TAHMO

How Network Management Turned Me Into a Project Manager: Victor Omoti's Journery

When I started working as a Network Manager, I understood the role in fairly straightforward terms: keeping weather stations operational, ensuring data is flowing, and supporting field teams to carry out installations and maintenance effectively. Four years into this role, I now see it as something much broader, something that sits at the intersection of people, systems, and processes, and naturally evolves into project management work, whether or not that is the formal title.

My work has placed me between multiple groups within the organization. On one side are the field teams responsible for installing and maintaining weather stations. On another are the IT teams developing the systems that support operations. Then there is management, which needs visibility into performance, risks, and strategic priorities. Beyond the organization itself are clients, partners, suppliers, and stakeholders, each with their own expectations and objectives.

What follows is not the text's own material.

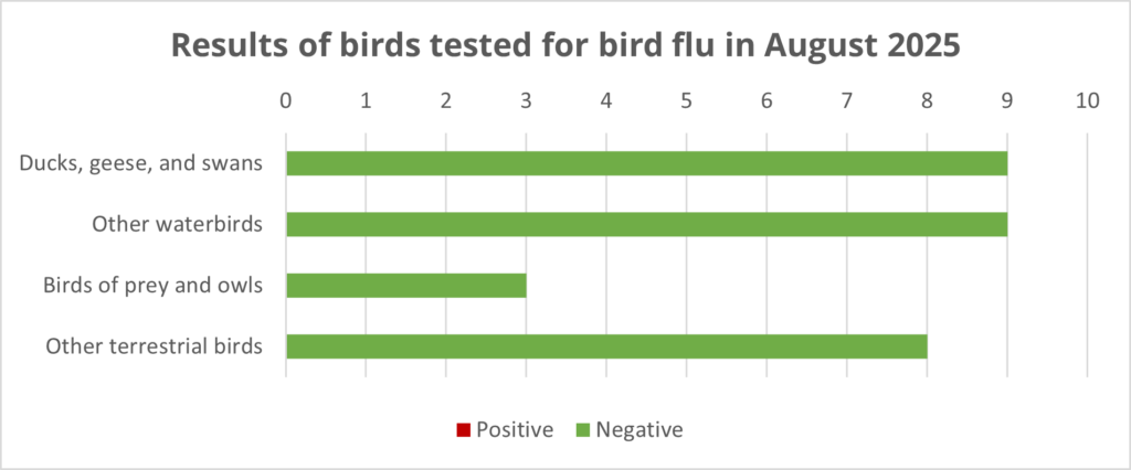 In addition, no mammals tested positive for bird flu this month, and there were no reported outbreaks of avian influenza among kept animals.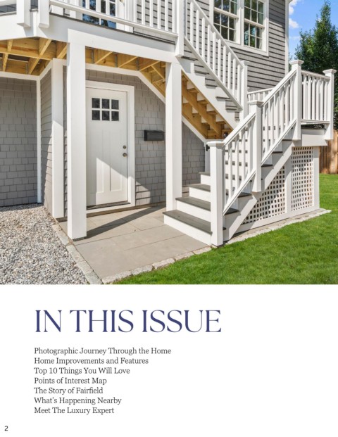 IN THIS ISSUE Photographic Journey Through the Home Home Improvements and Features Top 10 Things You Will Love Points of Interest Map The Story of Fairfield What’s Happening Nearby Meet The Luxury Expert 2

Over time, this has drawn me into the design and improvement of workflows that connect these different parts. One area where this becomes very real is in weather station maintenance operations. A technician completing a task in the field is not just finishing a job, it is an event that needs to be reflected across multiple systems. It should update asset inventories, trigger reporting systems, and be visible on dashboards used for decision-making. Ensuring that this flow works seamlessly requires thinking beyond individual tasks and focusing instead on how systems communicate with each other.

This is where my involvement has grown, especially in supporting how maintenance applications are designed for field technicians and how these tools connect to broader systems such as reporting platforms, asset tracking, and operational dashboards. What I have learned through this process is that effective systems are not defined only by their technical architecture, but by how well they match the real working patterns of the people using them. The challenge is always in bridging that space between design and reality.

A similar experience has come through working on QA/QC processes. In a distributed network, data quality cannot depend entirely on manual review. It needs to be supported by systems that can detect issues early, trigger alerts, and ensure that the right people receive the right information at the right time. Over time, I have been involved in shaping workflows that embed this logic directly into operations. Instead of QA/QC being a separate step, it becomes part of the system itself, continuously running in the background, ensuring reliability and consistency.

Beyond system design, there is also a strong logistics and coordination dimension to the role. Managing a network that spans multiple countries means following equipment from procurement, through shipment and customs, to final delivery and installation in the field. Each stage depends on the other, and visibility across the entire chain becomes essential. This experience has strengthened my understanding of end-to-end project coordination and the importance of ensuring that information flows as effectively as physical equipment.

Another important dimension has been working with clients and partners. These interactions have shown me that every collaboration begins with understanding. Different organizations come with different needs, constraints, and expectations, and the first step is always to listen and understand what they are really trying to achieve. From there, it becomes possible to identify where there is alignment and how systems or solutions can be shaped to meet shared goals. Some of the most effective outcomes have come from this kind of mutual understanding rather than predefined solutions.

Looking at all of this together, I have come to realize that much of my work naturally aligns with project management, even when it is not formally labeled that way. It involves coordinating across teams, shaping workflows, supporting system development, managing deployments, and ensuring that different components of the organization work together effectively. It is less about a title and more about a function bringing clarity, structure, and coordination to complex, interconnected work.

What started as a focus on managing a network has become a deeper understanding of how systems are built and sustained. It has shown me that the most effective work happens when people, processes, and tools are aligned in a way that reflects real-world operations. In that space between design and execution, project management naturally emerges as the work of making everything fit together.